And frankly, Doctor, these matters are more often outside of our practical treatment experience and we always lack the tools for evaluation that we normally use - plus with such an announcement the aisle is going to be full of Paramedics, EMT's, RN's and other well meaning allied health care providers - all equally qualified to address the circumstances you present.

Not to mention liability for abandonment and the complete lack of Good Samaritan protections. I'm not sure what your insurance costs, but mine is enough to let the other health care professionals step up first. Pre-hospital care is not what most Doctors are good at - and other trained professionals exist with better protections, and far more experience.
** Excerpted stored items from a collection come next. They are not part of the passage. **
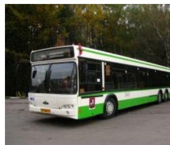
МАЗ 107 в естественной среде обитания
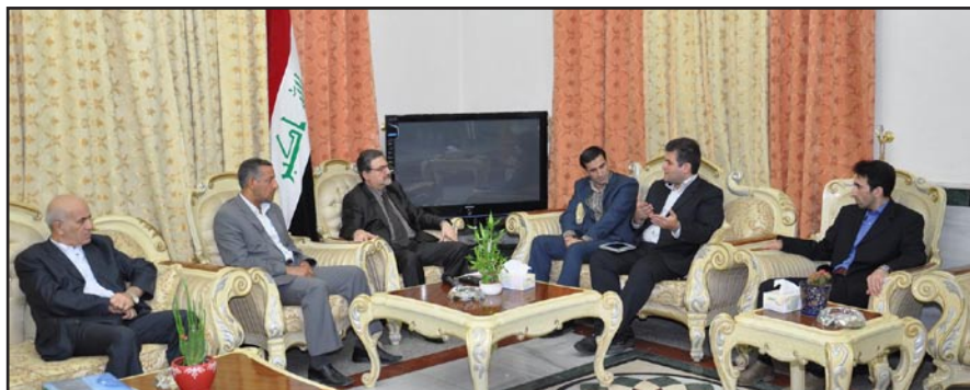
وزير الشباب يستقبل وفد اتحاد الطب الرياضي الإيراني

وستقوم الوزارة بإيفاد عدد من موظفي الوزارة من خريجي كليات التربية الرياضية/ قسم الفسلفة وايضا ايفاد عدد من الشباب والشابات من خريجي كليات التمريض ، ايفادهم جميعا الى ايران وزجهجهم في دورات الـ ١٠٠ ساعة من اجل تهيئة معالجين رياضيين.
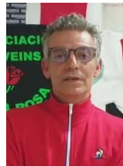
Carlos Moya Vs. de Deportes

El PP de Viladecans hará que en Viladecans la juventud y todas las personas que lo necesiten puedan acceder a una vivienda social y paguen aquello que realmente pueden.
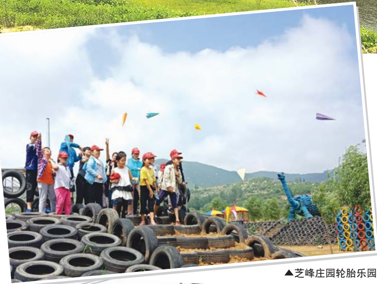
▲芝峰庄园轮胎乐园
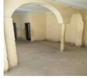
الصورة رقم 24 توضح سواري أخذت هذه الصورة من قصر بوفادي

1.4.3. التعريف الاصطلاحي للسواري: سواري القصر أو البيت: أعمدته. فأوجعها ضرباً وأوثقها الى سارية من سواري البيت (معنى كلمة سواري، 2022). يطلق محلياً كلمة السواري على الرجة التي يوجد بها الأقواس.
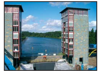
Arbeiten am Staudamm

auch zunehmend im Bereich von Kläranlagen und Staudämmen.
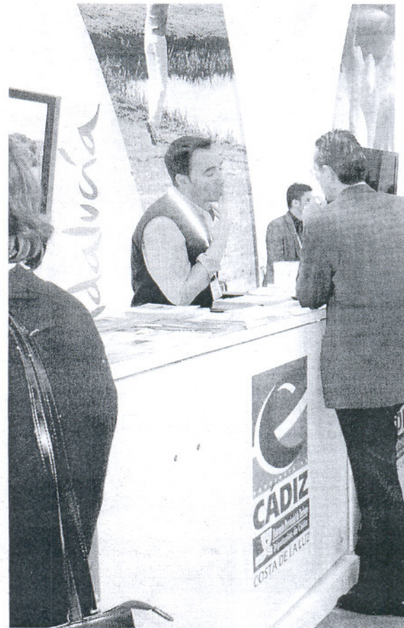
PROFESIONALES. La feria vivió ayer el día de mayor actividad
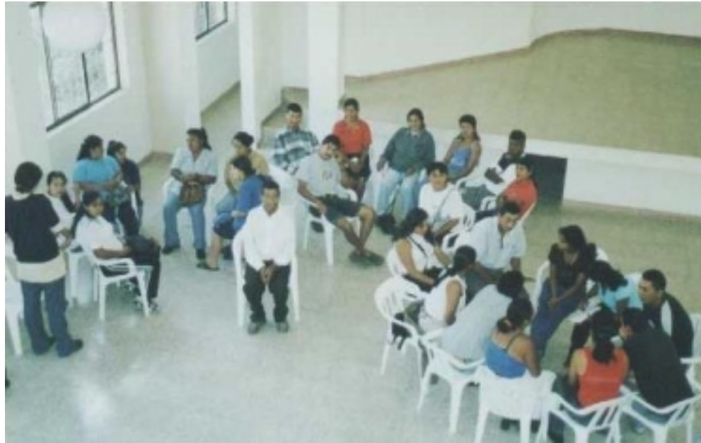
Figura 2. Interacción con la comunidad desplazada.
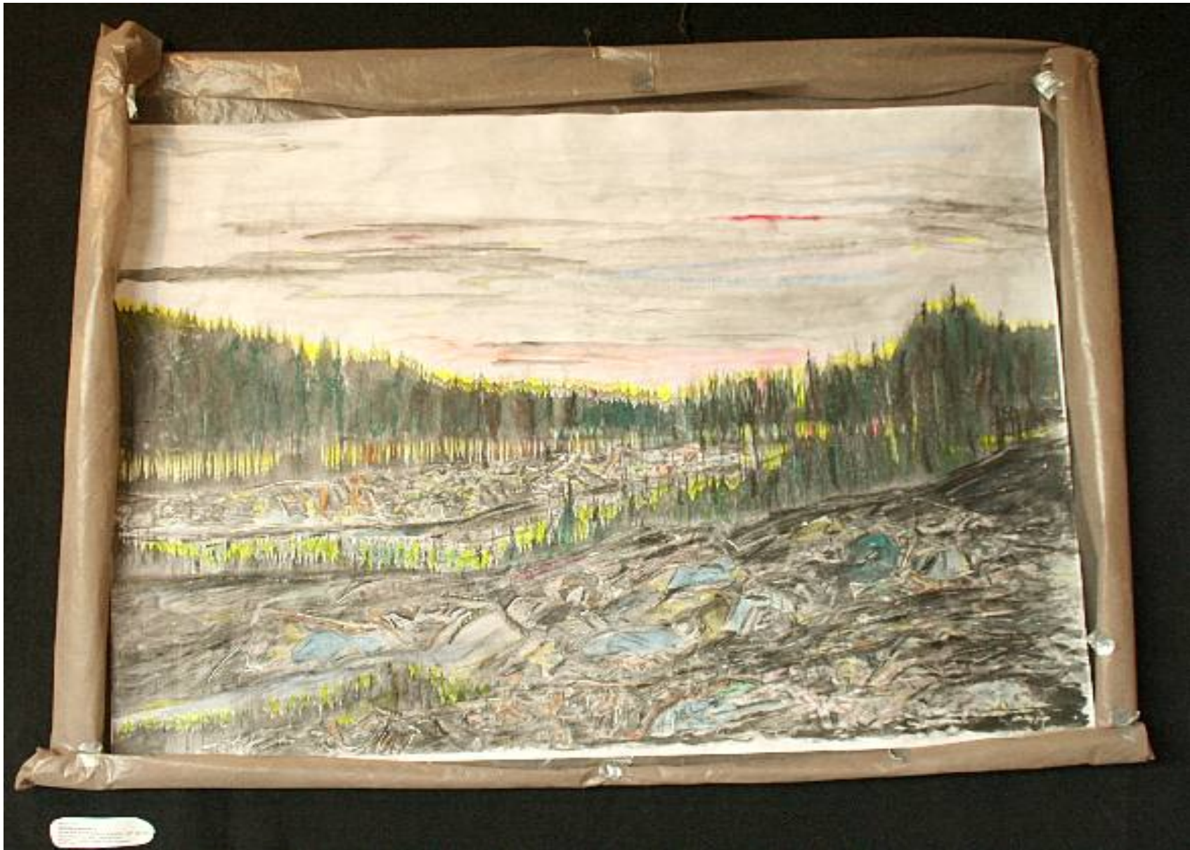
Matt Grau - Schwarzwasser 1 Tacheles Berlin 2009

You can't swing a cat on an airplane and not hit a qualified health care provider - so being a Doctor does not make me the most qualified to assess the circumstances, as given by your own examples.
Wow, that's good that no one has ever got sick on your flights. As I would hate to be the poor soul who got stuck getting help from a doctor who was more worried about his malpractice insurance, than saving people's lives.

As for knowledge, I would presume any medical professional (doctor, nurse, EMT, etc) would have better knowledge about helping someone than the accountant they are seated next to. And, personally, if given the choice of getting help from someone, I would take the doctor (who might be a bit out of his element) over the guy in 1A whose whole medical knowledge comes from seeing season 1 of Greys Anatomy.

Final point. Some flights, have 100 medical professionals, some flights have 0. Some people will see 100 requests for help, some will see 0. Personally, I have seen 1. Air travel is an intresting example of the law of large numbers. Each frequent travel contributes such a tiny percentage to the overall probability that their experience can often not be remotely close to the expected value.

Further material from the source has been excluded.